Once again, Snow had proven himself correct.
Lessons for Today
Dogma is defined as: “a principle or set of principles laid down by an authority as incontrovertibly true.”
That’s what Snow was fighting. A deeply ingrained belief (in his case, the miasma theory) that wasn’t supported by any real evidence.
It’s hard work. As Snow’s story shows, just because you present a logical, well-built case to people, it doesn’t mean you’ll be able to change any minds right away.

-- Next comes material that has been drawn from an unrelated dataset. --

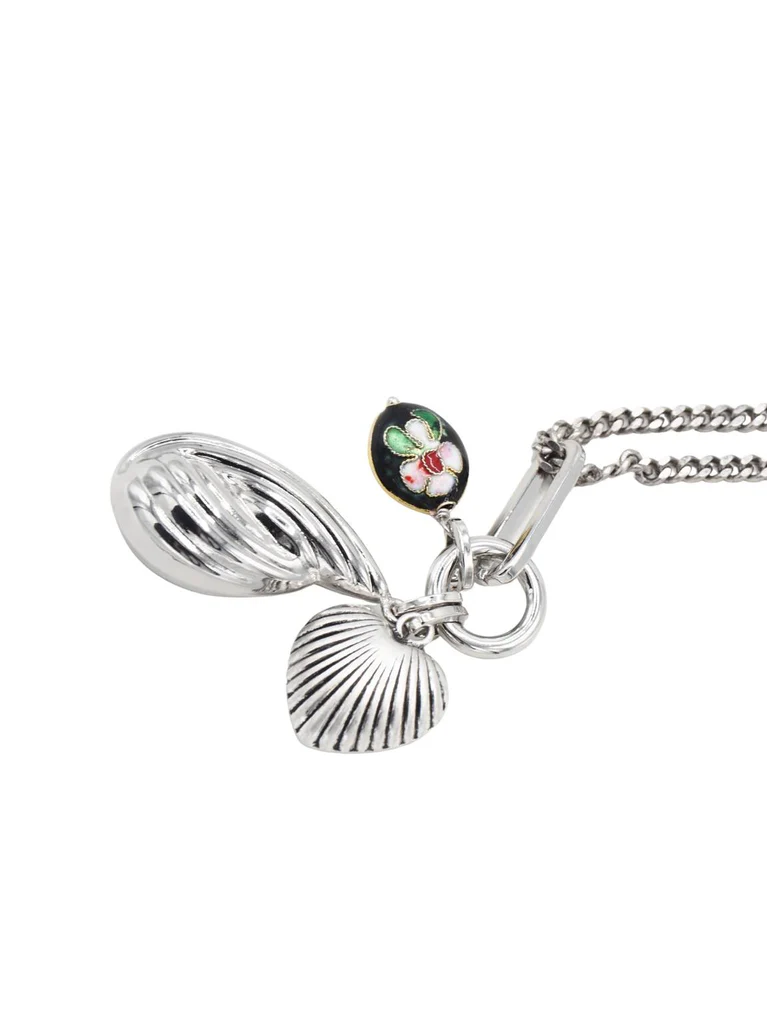 Long necklace, made with a brass ring chain, two pendants, drop-shaped and heart-shaped, and a third enameled pendant with floral pattern.

Indeed, Snow’s discovery seems pretty obvious today. How could we ever have not known about germs? Even still, it took years of his life, as well as the work of later scientists, to prove he was right. In that way, he deserves a place in the long line of geniuses ahead of their time: Galileo, Darwin, etc.
But Snow’s story also shows the value in that type of thinking. Questioning the most basic, seemingly obvious principles of their time is something almost all great innovators do.
It’s also risky, unpopular, and downright difficult. It takes an amazing amount of courage to doubt when everyone around you believes, as well as an equally impressive degree of self-awareness. After all, how many of us really ask how we know the things we know?
It’s a skill we could all stand to improve.